Each image represents ∼0.5-cm diameter. In general, except on the edges of the 100 g/L treatments, the pigments were evenly coated over the fibers without visual clumping or pigment coagulation. Further, as the colorimetric data in Table IV shows, all specimens, except one of the 100 g/L barium sulfate treatment specimens, were within one ΔEcmc unit of the control fabric. Only the L* value changed significantly with each pigment. Increasing the amount of pigment applied increased the L* value of the treated fabric, indicating a higher reflectance/refraction of incident light with increased pigment concentration.
Colorimetric Data
Visible Light Transmission
Fig. 4 shows the transmission of the specimens in the visible range from 360 to 750 nm. The graph indicates that all of the samples showed less transmittance than the control. Lower levels (10 g/L) of calcium carbonate and kaolin clay were only slightly better than the control. However, the barium sulfate showed much less transmission at this concentration. Using the 10 g/L barium sulfate binder mixture, incident transmission of light was less than the treatments at 100 g/L for calcium carbonate and kaolin clay. At 100 g/L level applications, the pigments were ranked for transmission values as barium sulfate < kaolin clay < calcium carbonate.
Visible light transmission of treated specimens.

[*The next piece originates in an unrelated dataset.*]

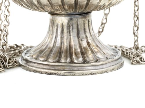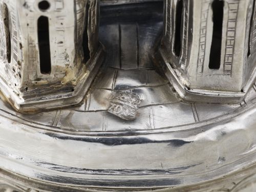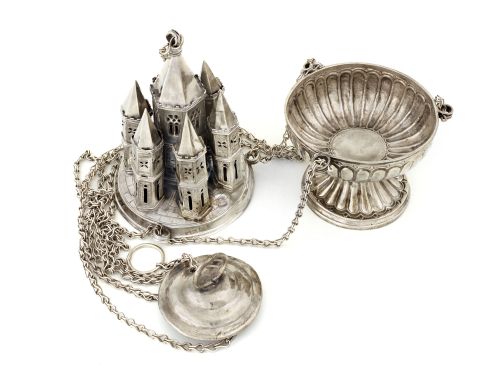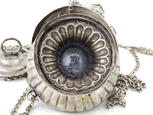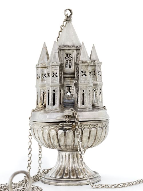 Incensario reyes católicos gótico de tipo arquitectónico en plata española punzonada.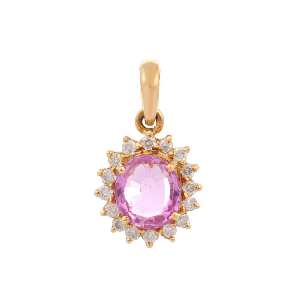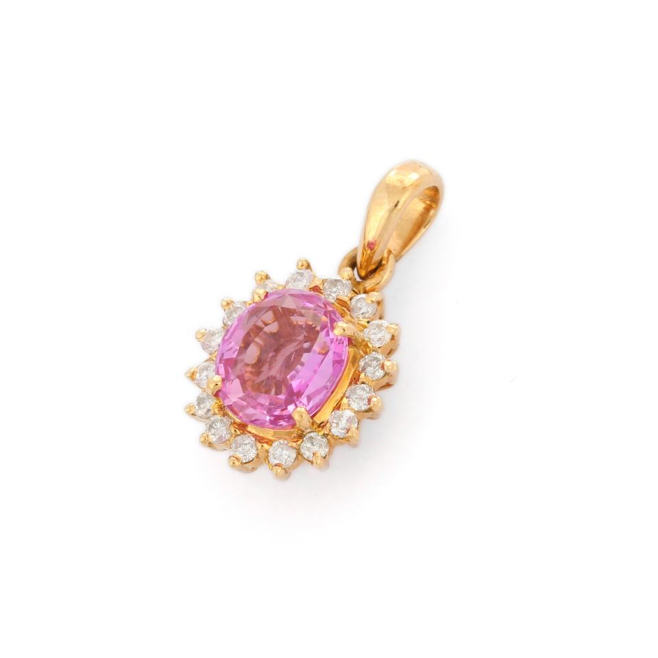 จี้เพชรและพลอยแซฟไฟร์สีชมพูธรรมชาติ ดีไซน์แฮนด์เมด ทองคำแท้ 18K รูปดอกไม้ เครื่องประดับชั้นดีสำหรับผู้หญิง

Interestingly, barium sulfate allowed similar visible light transmission for both 10 g/L and 100 g/L applications. Roughly equal transmission was seen with 10 g/L of barium sulfate and 100 g/L of kaolin clay.
UV Light Transmission
Table V shows the individual and averaged UPF ratings obtained for these specimens. Very good results were obtained with barium sulfate, while marginal improvements were seen with calcium carbonate and kaolin clay. The untreated fabric itself provided fairly good UV protection. Although Table V shows that the lower pigment concentrations provided more UV protection, visual observation and some large variations in UPF ratings for duplicate samples suggested that migration and levelness of the higher concentration treatments may be suspect. It is possible that a more realistic pad/dry/cure treatment process may yield different results (i.e., greater UV protection with increased pigment concentration). Conversely, it is also possible that higher amounts of pigment are detrimental to UV protection once a critical concentration was reached.
UPF Ratings
Fig. 5 shows the averaged UV scans of the data shown in Table V and reflects the pigment type with respect to the concentration of pigment and latex mixture used in the treatment. Clearly, barium sulfate allowed much less transmission of UV light than the control, calcium carbonate, and kaolin clay treatments.
Ultraviolet light transmission of treated specimens.
Conclusions
It was shown that coatings consisting of traditional TiO2 pigment extenders and low Tg (-40 °C) vinyl acrylic latex binder can drastically lower the UV and visible light transmission properties of a dyed cotton/spandex fabric. This was especially true for barium sulfate pigment. Using 10 and 100 g/L of a barium sulfate coating, the UPF value was increased from 35 to 50+. Also, because of the use of a low Tg latex, hand was maintained and was not adversely affected. Further, color change was not highly affected by white pigment addition as only the L* value was increased, indicating a higher reflectance/refraction of incident light. However, at this time, durability of the coatings to laundering is not known. This treatment method may have potential for application in the growing athleisure market to provide modesty and protection to transparent cotton fabrics. Finally, TiO2 extender pigments are significantly cheaper than using TiO2 itself.